Exercise details →
Pictures must be dropped from the copy of the entries below; all else is returned exactly.

"""

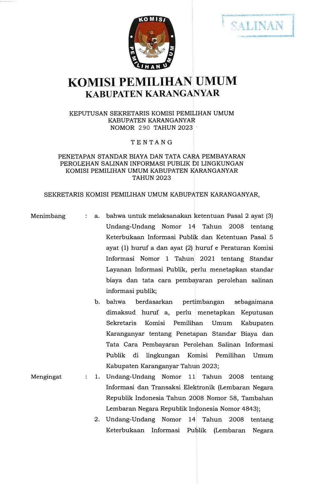 KEPUTUSAN KPU KARANGANYAR TENTANG PENETAPAN STANDAR BIAYA DAN TATA CARA PEMBAYARAN PEROLEHAN SALINAN INFORMASI PUBLIK Jumat, 12 Mei 2023 20:00 49 DOWNLOAD KEPUTUSAN Bagikan: Telah dilihat 49 kali
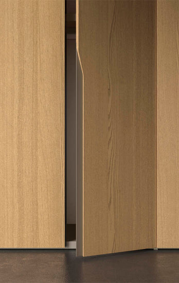 Design proaspăt și modern, inspirat de o estetică minimal cu linii contemporane. Cele sofisticate geometria mânerului seamănă cu un profil conic aripă, constând dintr-o tăietură verticală de-a lungul ușii și o parte interioară care poate fi personalizată în finisaje lăcuite, în esențe și în finisaje metalice mate sau lucioase. Posibilitatea de alegere a ușilor este și mai largă, disponibil in sticla, oglinda, lemn si lacuit, de la coordonate sau nu cu mânerul, pentru un efect de ton în ton sau în contrast.
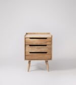 Bring warmth, functionality, and timeless style to your bedroom with this Solid Wood Bedside Table with 3 Drawers. Crafted from premium-quality wood, this modern nightstand features a clean-lined silhouette, smooth natural finish, and sturdy tapered legs that add a subtle mid-century touch.
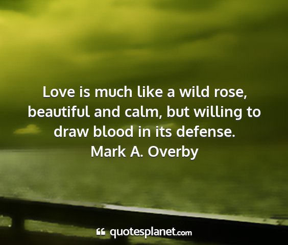 Love is much like a wild rose, beautiful and calm, but willing to draw blood in its defense.Mark A. Overby
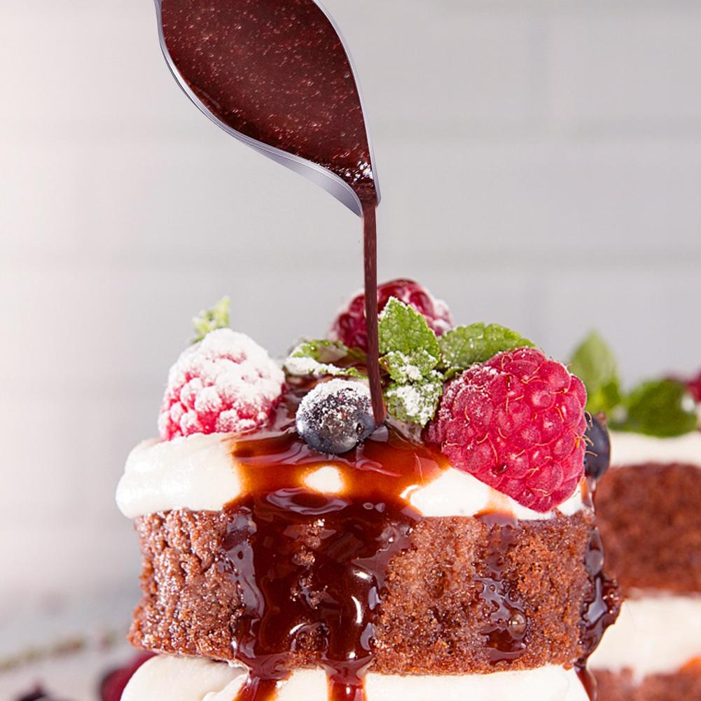 - Bước 1: Lựa chọn loại sốt phù hợp với món ăn của bạn (ví dụ: sốt trái cây, sô cô la, kem tươi,...).
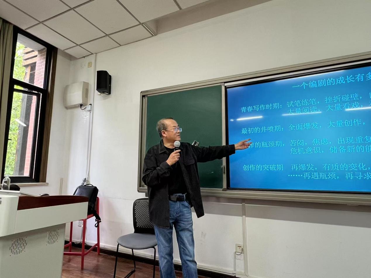 2025年5月8日周四下午,窗外大雨如注,红楼206教室内却座无虚席。著名剧作家李宝群老师带着他数十年的剧本创作经验,为上戏师生带来了一场主题为《剧本创作四十周年——回望与思考》的精彩讲座。作为国家一级编剧,李宝群老师曾创作过六十余部戏剧作品,作品数次入选国家舞台艺术精品工程十大精品,多次荣获文化部文华大奖、中宣部精神文明建设“五个一工程”奖,曹禺戏剧文学奖,金狮奖等国家级奖项。
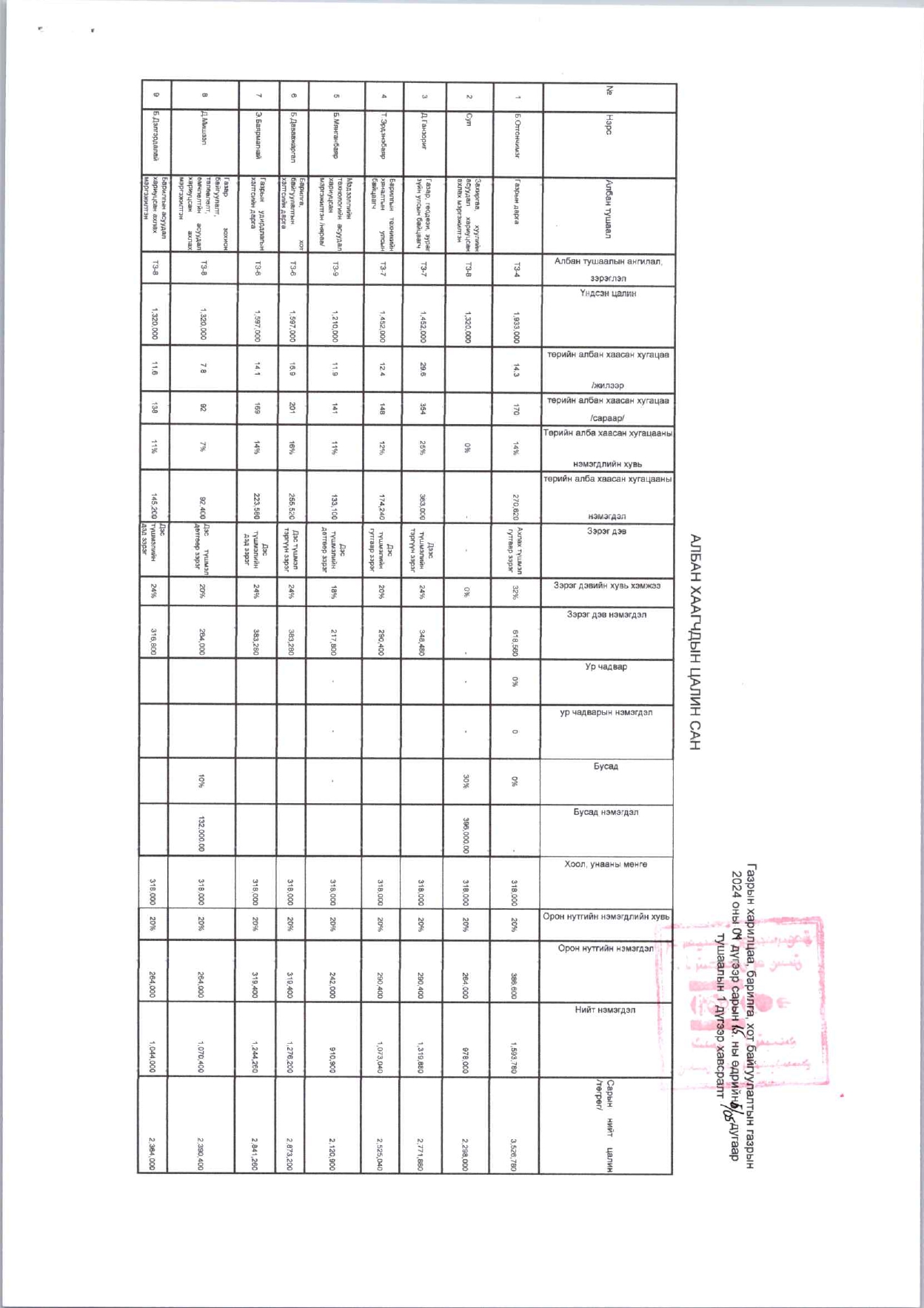 Байгууллагын 2024 оны бүтэц орон тоо, цалин санг батлах тухай
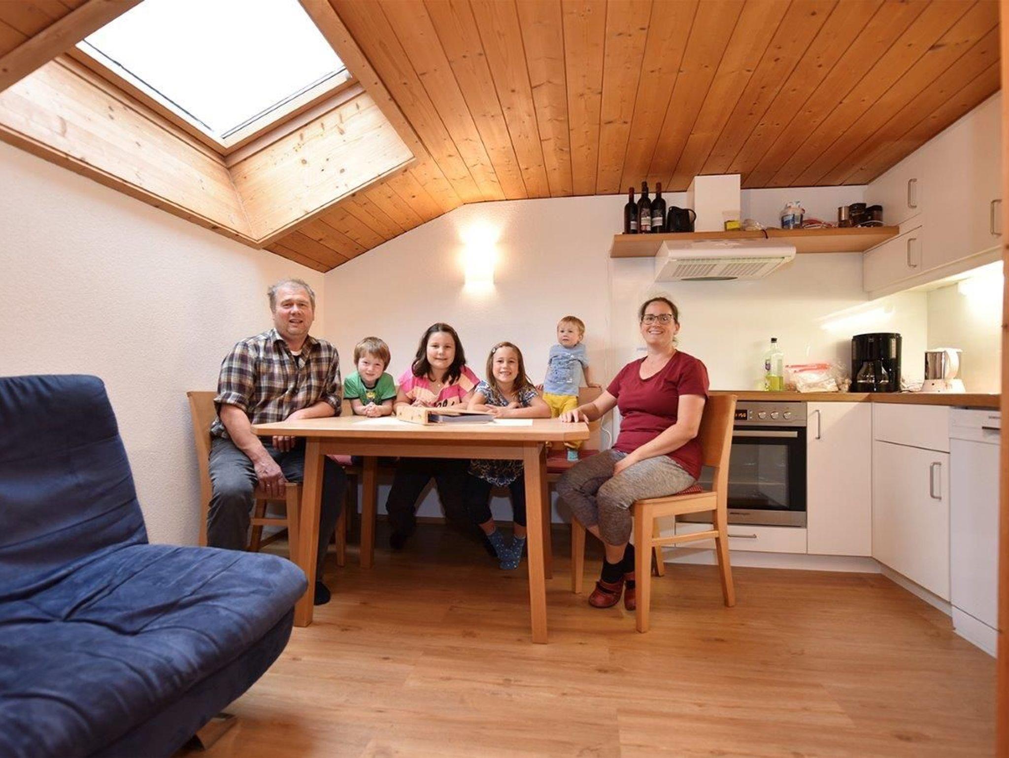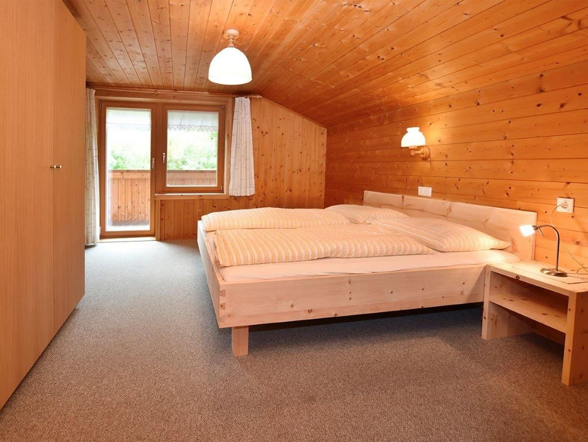 Diese gemütliche, große Ferienwohnung (ca. 60m²) mit vollausgestatteter Wohnküche befindet sich im 2. Stock (Dachgeschoss). Dusche, Waschbecken und WC sind in einem Raum. Über die zwei Schlafräume erreichen Sie den südseitig gelegenen Balkon, der eine schöne Aussicht bietet. Diese Wohnung ist in Fichtenholz getäfelt und schafft so eine heimelige Atmosphäre.

"""

Solution →
 KEPUTUSAN KPU KARANGANYAR TENTANG PENETAPAN STANDAR BIAYA DAN TATA CARA PEMBAYARAN PEROLEHAN SALINAN INFORMASI PUBLIK Jumat, 12 Mei 2023 20:00 49 DOWNLOAD KEPUTUSAN Bagikan: Telah dilihat 49 kali
 Design proaspăt și modern, inspirat de o estetică minimal cu linii contemporane. Cele sofisticate geometria mânerului seamănă cu un profil conic aripă, constând dintr-o tăietură verticală de-a lungul ușii și o parte interioară care poate fi personalizată în finisaje lăcuite, în esențe și în finisaje metalice mate sau lucioase. Posibilitatea de alegere a ușilor este și mai largă, disponibil in sticla, oglinda, lemn si lacuit, de la coordonate sau nu cu mânerul, pentru un efect de ton în ton sau în contrast.
 Bring warmth, functionality, and timeless style to your bedroom with this Solid Wood Bedside Table with 3 Drawers. Crafted from premium-quality wood, this modern nightstand features a clean-lined silhouette, smooth natural finish, and sturdy tapered legs that add a subtle mid-century touch.
 Love is much like a wild rose, beautiful and calm, but willing to draw blood in its defense.Mark A. Overby
 - Bước 1: Lựa chọn loại sốt phù hợp với món ăn của bạn (ví dụ: sốt trái cây, sô cô la, kem tươi,...).
 2025年5月8日周四下午,窗外大雨如注,红楼206教室内却座无虚席。著名剧作家李宝群老师带着他数十年的剧本创作经验,为上戏师生带来了一场主题为《剧本创作四十周年——回望与思考》的精彩讲座。作为国家一级编剧,李宝群老师曾创作过六十余部戏剧作品,作品数次入选国家舞台艺术精品工程十大精品,多次荣获文化部文华大奖、中宣部精神文明建设“五个一工程”奖,曹禺戏剧文学奖,金狮奖等国家级奖项。
 Байгууллагын 2024 оны бүтэц орон тоо, цалин санг батлах тухай
 Diese gemütliche, große Ferienwohnung (ca. 60m²) mit vollausgestatteter Wohnküche befindet sich im 2. Stock (Dachgeschoss). Dusche, Waschbecken und WC sind in einem Raum. Über die zwei Schlafräume erreichen Sie den südseitig gelegenen Balkon, der eine schöne Aussicht bietet. Diese Wohnung ist in Fichtenholz getäfelt und schafft so eine heimelige Atmosphäre.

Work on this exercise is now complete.